● Collected data
********

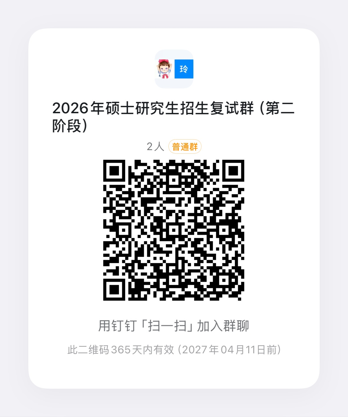 请考生扫描钉钉二维码于4 月12日16:00前加入招生复试钉钉群“2026年硕士研究生招生复试群(第二阶段)”。 复试相关具体安排等重要考务信息将在该群进行通知。
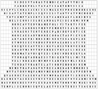 Finally there is a poem written in Latin by Publilius Optatianus Porfyrius dating from the first quarter of the 4th century. In this the altar describes its construction as "polished by the craft of the poet's musical art (fabre polita vatis arte musica)…I am straightly confined and hold back my edges as they attempt to grow and then, in the succeeding portion, let them spread more broadly." It then elaborates in an equally self-descriptive way.[3] The poem has been judged to be 'undoubtedly a direct imitation of "Jason's Altar"' by Dosidas.[4]
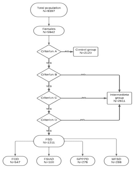 DSM-5 identifies three female sexual disorders (FOD, FSIAD, GPPPD) within FSD [14]. The participants of our study were divided into three major groups according to the DSM-5 A-B-C-D criteria. Figure 1 shows the flowchart of our classification. The control group consisted of those who answered no to DSM-5 criterion A (experience of symptoms). Respondents who answered ‘Yes’ to criterion A but ‘No’ to criteria B, C, and D formed the intermediate group; these subjects remained in the database but were not included in the present analysis. Respondents who met all four criteria formed the group of women with FSD. In their case, we analyzed separately those who had only one type of FSD (FOD, FSIAD, GPPPD) and those who had more than one female sexual disorder simultaneously (multiple FSD, MFSD). The FSD group included women affected by a disorder according to the DSM-5 criteria system (A, B, C, or D). Within this, we analyzed the different disorders one by one (FOD, FSIAD, GPPPD) and MFSD. The online questions were structured in such a way that questions eliciting an affirmative reply were followed by more detailed questions to assess the recognition; however, if we received a negative answer, the additional questions were automatically skipped. The advantage of this method was that the relevant issues were sufficiently explored, and the questionnaire was not discouragingly long.
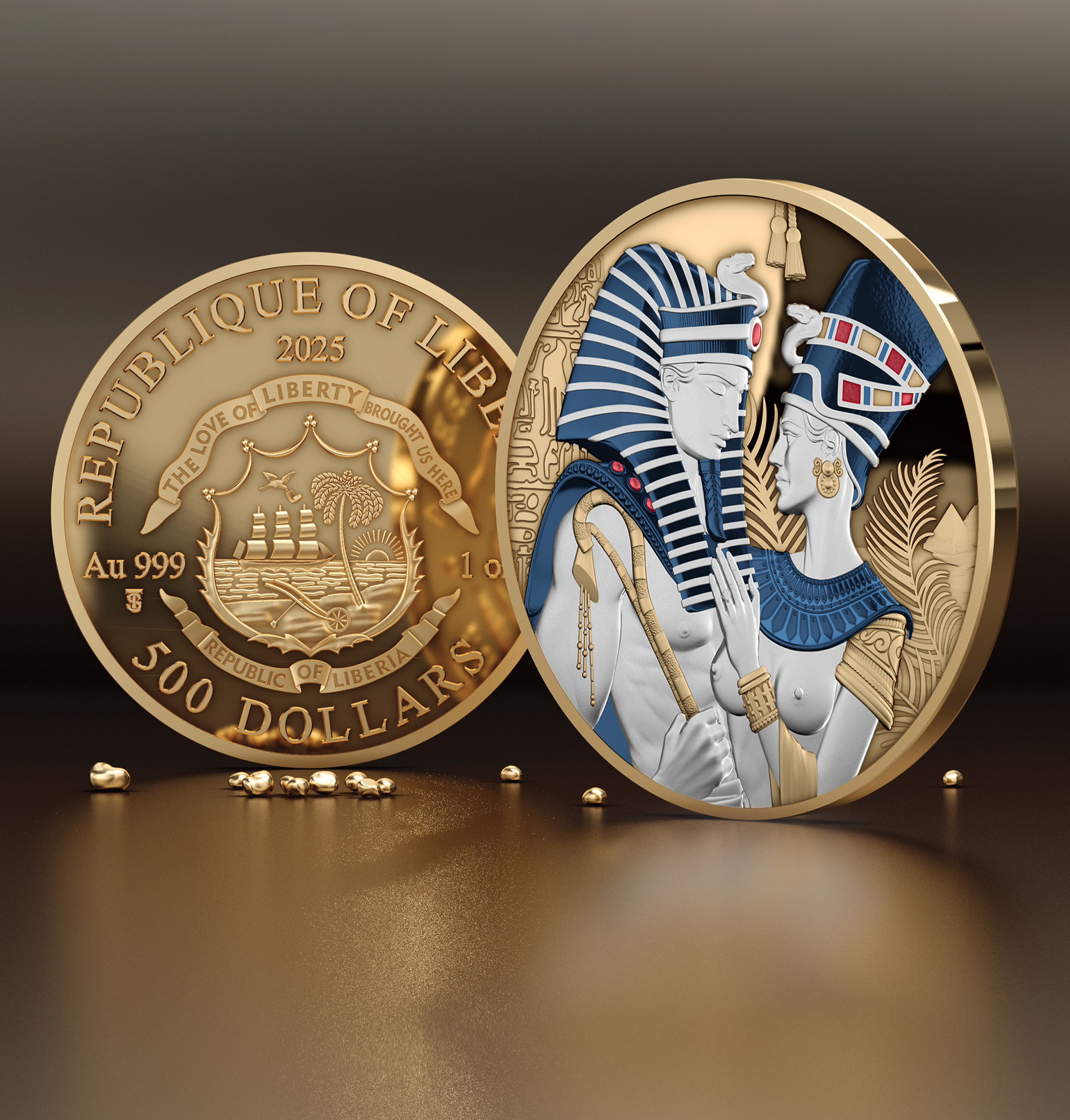 A royal couple reborn in iconic ancient Egyptian colors: Only 25 gold coin sets

********

● Problem statement
Leaving aside the pictures, copy the listing above exactly.

● The answer
 请考生扫描钉钉二维码于4 月12日16:00前加入招生复试钉钉群“2026年硕士研究生招生复试群(第二阶段)”。 复试相关具体安排等重要考务信息将在该群进行通知。
 Finally there is a poem written in Latin by Publilius Optatianus Porfyrius dating from the first quarter of the 4th century. In this the altar describes its construction as "polished by the craft of the poet's musical art (fabre polita vatis arte musica)…I am straightly confined and hold back my edges as they attempt to grow and then, in the succeeding portion, let them spread more broadly." It then elaborates in an equally self-descriptive way.[3] The poem has been judged to be 'undoubtedly a direct imitation of "Jason's Altar"' by Dosidas.[4]
 DSM-5 identifies three female sexual disorders (FOD, FSIAD, GPPPD) within FSD [14]. The participants of our study were divided into three major groups according to the DSM-5 A-B-C-D criteria. Figure 1 shows the flowchart of our classification. The control group consisted of those who answered no to DSM-5 criterion A (experience of symptoms). Respondents who answered ‘Yes’ to criterion A but ‘No’ to criteria B, C, and D formed the intermediate group; these subjects remained in the database but were not included in the present analysis. Respondents who met all four criteria formed the group of women with FSD. In their case, we analyzed separately those who had only one type of FSD (FOD, FSIAD, GPPPD) and those who had more than one female sexual disorder simultaneously (multiple FSD, MFSD). The FSD group included women affected by a disorder according to the DSM-5 criteria system (A, B, C, or D). Within this, we analyzed the different disorders one by one (FOD, FSIAD, GPPPD) and MFSD. The online questions were structured in such a way that questions eliciting an affirmative reply were followed by more detailed questions to assess the recognition; however, if we received a negative answer, the additional questions were automatically skipped. The advantage of this method was that the relevant issues were sufficiently explored, and the questionnaire was not discouragingly long.
 A royal couple reborn in iconic ancient Egyptian colors: Only 25 gold coin sets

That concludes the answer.